Math 55 - Fall 2007 - Lecture notes # 15 - Oct 3 (Wednesday)

   Finish through end of Section 3.7 (not 3.8)

   Goals for today: Recall Euclidean algorithm for the gcd
                    Use it to solve a "congruence equation" 
                         a*x=b mod m for x
                         how to do division in modular arithmetic
                    Use it to solve a system of congruence equations:
                         Chinese Remainder Theorem
                    Apply it to cyptography
                    
   Recall property of Euclidean algorithm for gcd: given a and m, 
   it computes
       1) d = gcd(a,m)
       2) integers s and t such that a*s+m*t=d 

   How to solve a*x == 1 mod m for x: 
   (analogy of reciprocal of a in modular arithmetic)
   Theorem: a*x ==1 mod m can be solved for x if and only if gcd(a,m)=1.
          When it can be solved, x is unique mod m, i.e. the only one in
          the range 0 to m-1, and is called "the inverse of a modulo m".
     EX: Solve 2*x==1 mod 5: try x=0,1,2,3,4, 
                       getting 2*x=0,2,4,1,3, 
         so x=3 is the unique answer (gcd(2,5)=1)
     EX: Solve 2*x==1 mod 4: try x=0,1,2,3, 
                       getting 2*x=0,2,0,2, 
         so there is no solution (gcd(2,4)=2)
     Proof: If gcd(a,m)=1, we have to show that we can solve for x:
            Use the Euclidean algorithm to find s and t such that 
            a*s+m*t=1. Thus a*s = 1-m*t == 1 mod m, so x=s is a solution.

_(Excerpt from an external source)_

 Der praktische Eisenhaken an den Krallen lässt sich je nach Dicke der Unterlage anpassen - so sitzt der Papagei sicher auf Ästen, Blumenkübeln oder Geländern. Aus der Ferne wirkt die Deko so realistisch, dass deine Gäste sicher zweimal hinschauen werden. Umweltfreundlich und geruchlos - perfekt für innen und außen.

            If gcd(a,m) /= 1, we have to show that no x satisfies 
            a*x==1 mod m: Recall that a*x == 1 mod m is equivalent to 
            a*x mod m = 1, and that a*x mod m = a*x+m*t 
            for some t.  But if gcd(a,m)=d>1, then d|a and d|m, 
            so d|(a*x+m*t) for any integer t, and in particular 
            d|(a*x mod m).  Since d does not divide 1, a*x mod m /= 1.

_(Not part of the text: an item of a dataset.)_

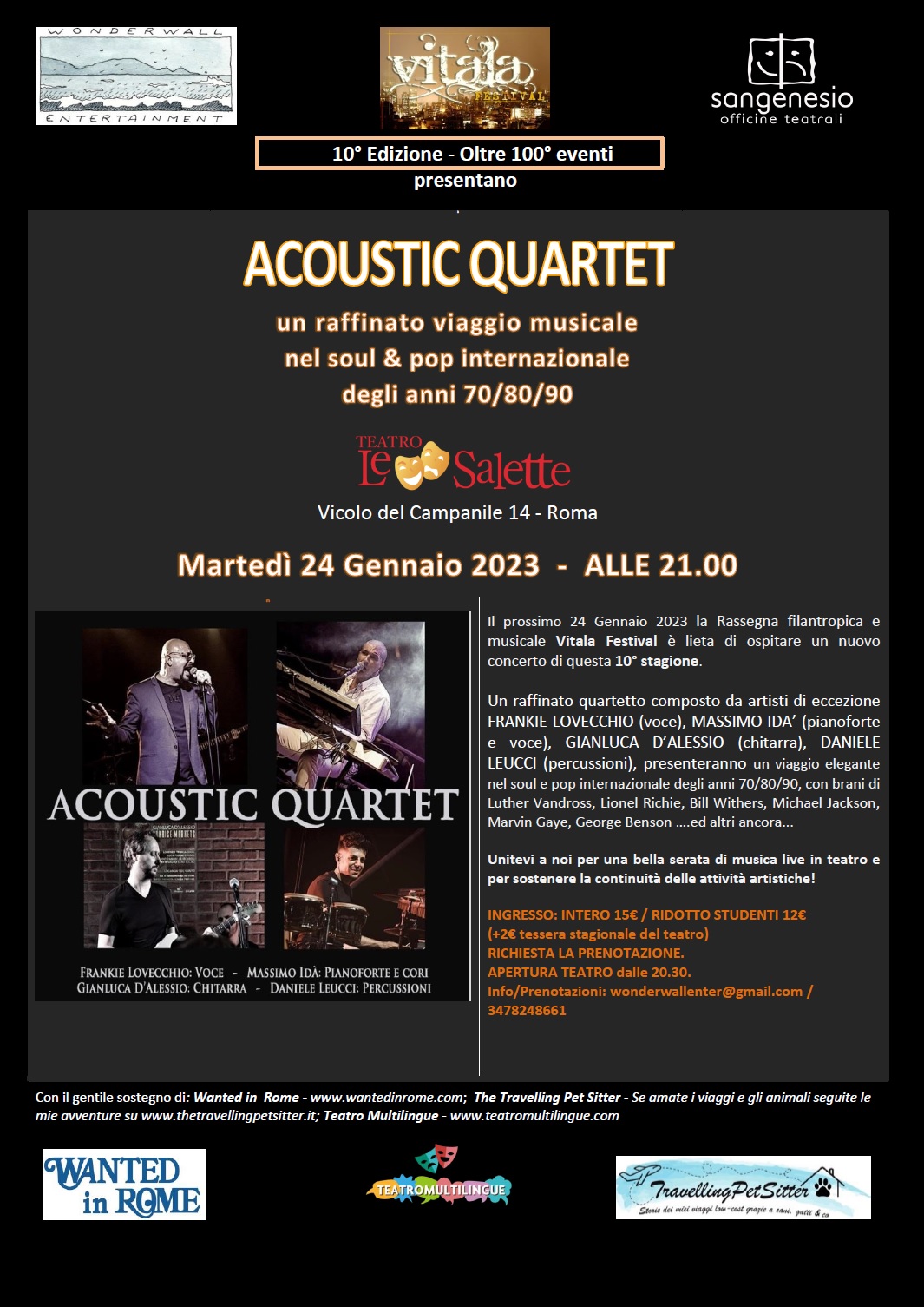 Il prossimo 24 Gennaio 2023 la Rassegna filantropica e musicale Vitala Festival è lieta di presentare un nuovo concerto di questa 10° stagione. Un raffinato quartetto composto da artisti di eccezione FRANKIE LOVECCHIO (voce), MASSIMO IDA’ (pianoforte e voce), GIANLUCA D’ALESSIO (chitarra), DANIELE LEUCCI (percussioni), presenteranno un viaggio elegante nel soul e pop internazionale degli anni 70/80/90, con brani di Luther Vandross, Lionel Richie, Bill Withers, Michael Jackson, Marvin Gaye, George Benson ….ed altri ancora… Unitevi a noi per una bella serata di musica live in teatro e per sostenere la continuità delle attività artistiche!

            To show that the solution x is unique mod m when it exists,
            suppose both that a*x1 == 1 mod m and a*x2 == 1 mod m, and
            that 1 <= x1 < m and 1 <= x2 < m; we have to show that x1=x2. 
            Now a*x1-a*x2 == 0 mod m, so m|(a*(x1-x2)). 
            Since gcd(a,m)=1, a and m have no common factors,
            and thus m|(x1-x2). Now x1-x2 satisfies two properties:
              1) m|(x1-x2), so x1-x2 is in the set 
                  {..., -2*m,-m,0,m,2*m,...}
              2) -m < x1-x2 < m, since 1 <= x1 < m and 1 <= x2 < m;
            The only value of x1-x2 satisfying these properties is 
            x1-x2=0, or x1=x2 as desired.

   Corollary: a*y == b mod m has a solution y for any b if and only if
       gcd(a,m) == 1  (analogy of dividing b/a in modular arithmetic)
       proof: if gcd(a,m)=1, then the Theorem says we can solve 
              a*x == 1 mod m. Multiply through by b to get  
              a*(x*b) == b mod m, so we can take y = x*b 
              (b times "inverse of a") If gcd(a,m)>1, 
              then the Theorem tells us we cannot solve when b=1.

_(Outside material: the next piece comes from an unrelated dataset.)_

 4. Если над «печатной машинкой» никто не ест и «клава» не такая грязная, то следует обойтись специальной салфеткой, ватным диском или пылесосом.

ASK&WAIT: under what conditions on b can we solve a*y == b mod m for y?

   Chinese Remainder Theorem: Let m1, m2,..., mn be pairwise
       relatively prime numbers, ie gcd(mi,mj)=1 for all i and j.
       Let m = m1*m2*...*mn.  Then the n equations  
         x == a1 mod m1 , x == a2 mod m2, ... , x == an mod mn
       have a unique solution mod m for any a1, a2,...,an, i.e. there is
       only one solution in the range from 0 to m-1.
   EX: x == 2 mod 3, x == 3 mod 5 
           x    x==2 mod 3 ?   x==3 mod 5?
           0                                
           1                                
           2        Yes
           3                      Yes       
           4                                
           5        Yes                     
           6                                
           7                                
           8        Yes           Yes  x=8 is unique solution mod 3*5=15
           9                                
          10                                
          11        Yes                     
          12                                
          13                      Yes       
          14        Yes                     

    Proof: We give an algorithm for computing x, and leave uniqueness to
        homework. Let Mi = m/mi, for i=1,...,n. Thus
        Mi = product of all mj except for mi, so gcd(Mi,mi)=1, since
        mj and mi have no common factors. By the last theorem, each
        Mi has an inverse yi mod mi, i.e. Mi*yi == 1 mod mi.
        We claim a solution is x = a1*M1*y1 + a2*M2*y2 + ... + an*Mn*yn.
        To confirm this we have to verify that x == ai mod mi for all i:
        x == (a1*M1*y1 + a2*M2*y2 + ... + an*Mn*yn) mod mi
          == ( a1*M1*y1 mod mi + ... + an*Mn*yn mod mi ) mod mi
          == ( ai*Mi*yi mod mi 
             + sum_{j /= i} aj*Mj*yj ) mod mi
          == ai mod mi       since Mi*yi == 1 mod mi
             + 0             since mi | Mj when j /= i
          == ai mod mi       as desired

   EX: x == 2 mod 3, x == 3 mod 5 again:
       a1=2, m1=3, a2=3, m2=5, M1=5, M2=3, 
       y1=2 since 2*5==1 mod 3   and y2=2 since 2*3==1 mod 5
       x = 2*5*2 + 3*3*2 = 38 == 8 mod 15
                    
  Cryptography
     Recall that a message (character string) is converted to a number M
     What happens when a Sender wants to send a secret message to 
     a Receiver:
       The Sender takes message M and encrypts it to get the
            encrypted message C = f_enc(M)
       The Sender sends C to the Receiver. Anyone may "intercept" 
            C on its way.
       The Receiver decrypts C to get the original message M = f_dec(C).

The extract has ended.